[climate group] This week, the US Federal Communications Commission sent the National Broadband Plan to the White House. It puts a better communications infrastructure at the heart of solutions to multiple societal challenges, including energy and climate change.
The Climate Group welcomes Goal 6 of the Plan that calls for every American to have access to real time energy information to track and manage their own energy consumption. This is a significant step toward enabling the full global opportunity for the ICT sector to save 15% of global emissions in 2020, and saving 1 Gt CO2e in the US alone.
An entire chapter of the US National Broadband Plan is focused on the benefits of broadband enabled applications for managing environmental impacts and energy consumption.

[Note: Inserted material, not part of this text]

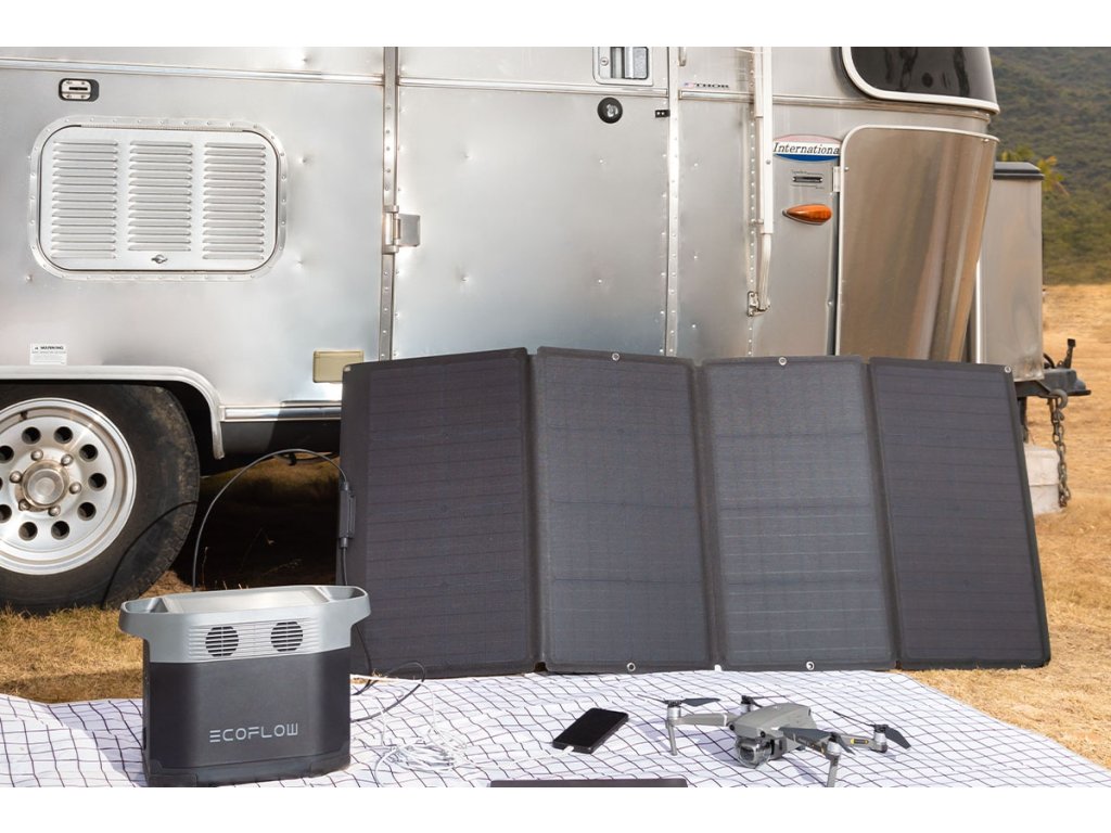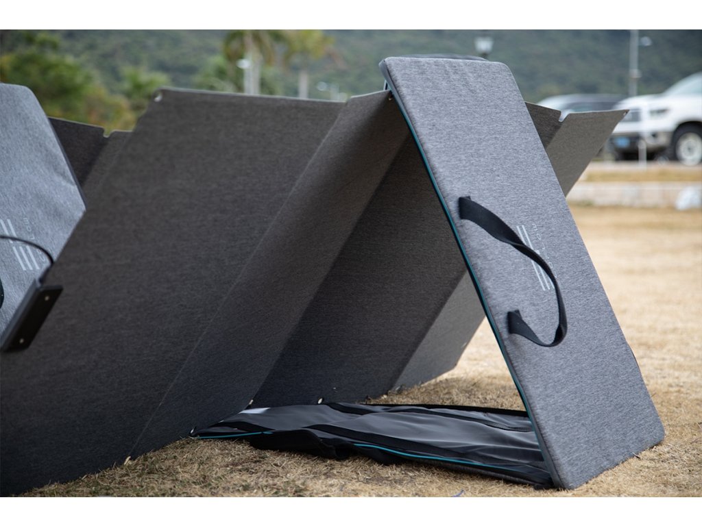 160 W solární panely EcoFlow se dají v případě potřeby lehce složit, naložit a převézt na jiné místo. Rozložení a připojení je také naprostá hračka. Skořepinové pouzdro pro přenášení lze využít také jako stojan pro přesné nastavení úhlu panelu ke slunečním paprskům. Pokud potřebujete propojit více solárních panelů, stojan poslouží také k tomu, aby si panely vzájemně nestínily a nedocházelo tak se snižování výkonu.

Specifically, it focuses on achieving ‘smart’ grids, buildings and transport systems as well as acknowledging a range of efficiency measures needed in ICT devices and services themselves.
The focus on communications is crucial for two reasons. First, both people and machines will be able to act differently when they have access to better information – they will be able to ‘manage what they measure’. Second, the data-generating platform can be used by companies to provide a whole range of services to consumers and businesses that save energy, fuel and resources.
What’s good for consumers and business is good for the economy. Sensors and instrumentation that collect information from machines and the natural environment are leading to an explosion in data and information on environmental conditions and energy, and a race to create knowledge from it. Data management and analytics is growing nearly twice as fast as the rest of the IT industry at 10% per year. And companies such as Intel are investing more in US manufacturing even as other sectors – automotive and chemical – report declines.